S44: Long-term elevated CO2 decreases microbial biodiversity in a grassland ecosystem as revealed by metagenomics sequencing

Understanding the responses of biological communities to elevated CO₂ (eCO₂) is a central issue in ecology and global change biology, but little is known about the impacts of eCO₂ on the function, structure, and diversity of the below ground microbial community. In this study, 24 soil samples (ambient CO2 (aCO2) vs. eCO2, all with 16 plant species) were collected from BioCON experimental site located at the University of Minnesota. Both 454 and Illumina-based metagenomics sequencing were performed, resulting in a total of ~120GB sequence data.  Annotation information showed that the majority of the gene content in soil microbial communities is novel and rare. DCA analysis showed aCO₂ and eCO₂ samples can be separated clearly, indicating eCO₂ has altered the overall functional structure of grassland microbial communities.  The core and pan functional genes were also analyzed, and results indicated that aCO₂ samples retained a broader gene content than eCO₂ samples.
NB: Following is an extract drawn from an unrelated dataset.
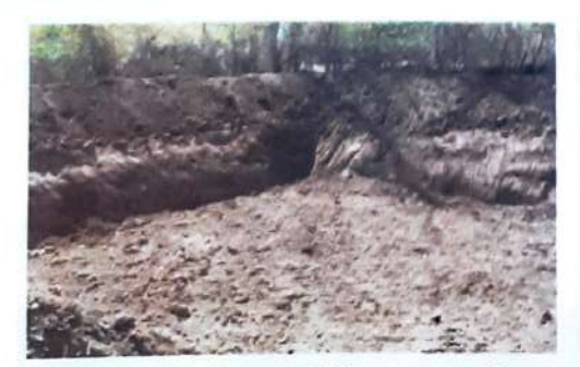
Excavation of farm pond

સરેરાશ ૧૮૦૦ મીમી વરસાદ પડતો હોવા છતાં ગામમાં શિયાળ પાકો માટે પિચતના કોઇ સ્પ્રોત નથી. તેથી વાતાવરણીય પડકારને પહોંચી વળવા માટે ચોમાસાની ગુદુતુમાં વરસાદી પાણીનો સંગ્રહ કરવો અને તેનો ઉપયોગ ચોમાસામાં સૂકા સમયગાળામાં અને શિયાળુ ગ્લુતુ માટે કરવો એ જ ઉત્તમ ઉપાચ છે. કેવીકેએ ખેડુતોને ખેત તલાવડી બનાવીને વઢી જતા પાણીનો સંગ્રહ કરવા તરક વાળ્યા. ઢોળાવવાળી જમીન પર ખેત તલાવડી ખોદવામાં આવી જેથી વધુમાં વધુ પાણીનો સંગ્રહ થઇ શકે. કુલ ૧૩ ખેડૂતોના ખેતરે 30x30x0 ફ્ટના માપની કુલ ૩૧ ખેત તલાવડી બનાવવામાં આવી. દરેક ખેત તલાવડી ને ૪૨૫ જીએસએમ એચડીપીઇ પ્લાસ્ટિકથી કવર કરવામાં આવી. એક ખેત તલાવડીની સમતા એક સાથે અંદાજે ૧,૮૦,૦૦૦ લિટર પાણીનો સંગ્રહ કરવાની છે. એક ખેત તલાવડી ખોદવા તથા પ્લાસ્ટિક કવર સાથેનો કુલ ખર્ચ રૂ. ૨૫,૦૦૦/-થયો. જેમાં દરેક લાભાર્થી ખેડુતે રૂ. ૩,૦૦૦ /- નું ચોગદાન આપેલ. દરેક ખેત તલાવડી ચોમાસાની ૠુતુમાં વરસાદી પાણીથી પુરેપુરી ભરાઇ ગઇ. અંદાજે ૦.૨૫ હે. પાકનો વિસ્તાર ચોમાસામાં સુકા સમયગાળા દરમ્યાન પિચત કરવામાં આવ્યો. ખેડુતોએ સંગ્રહિત પાણીનો ઉપયોગ કરીને દૂધી, કારેલા તથા ધાણા, મેથી જેવા દુંકા ગાળાના પાકો લેવાનું શરૂ કર્યુ. પરકોલેશન ટાંકીના કારણે આજુબાજુના કુવા પણ રિચાર્જ થયા. ખેકુતો હારા સૂક્ષ્મ પિચત પધ્ધતિ અપનાવીને ઘણો વિસ્તાર પાક હેઠળ આવરી લેવામાં આવ્યો.

Further analysis showed lower functional gene diversity was observed in eCO₂ samples,  suggesting eCO₂ has potentially decreased the function diversity of microbial communities in grassland soil. Functional genes were extracted and analyzed phylogenetically. As results, the majority of functional genes studied showed decreased taxonomy diversity in response to eCO₂. Additional amplicon sequencing of several genes including 16S rRNA, nifH, and amoA also verified the results.  In conclusion, our results indicated that the overall functional and taxonomic diversity of the microbial community in grassland decreased in response to long-term eCO₂, though exceptions could be observed for some functional genes and fungi.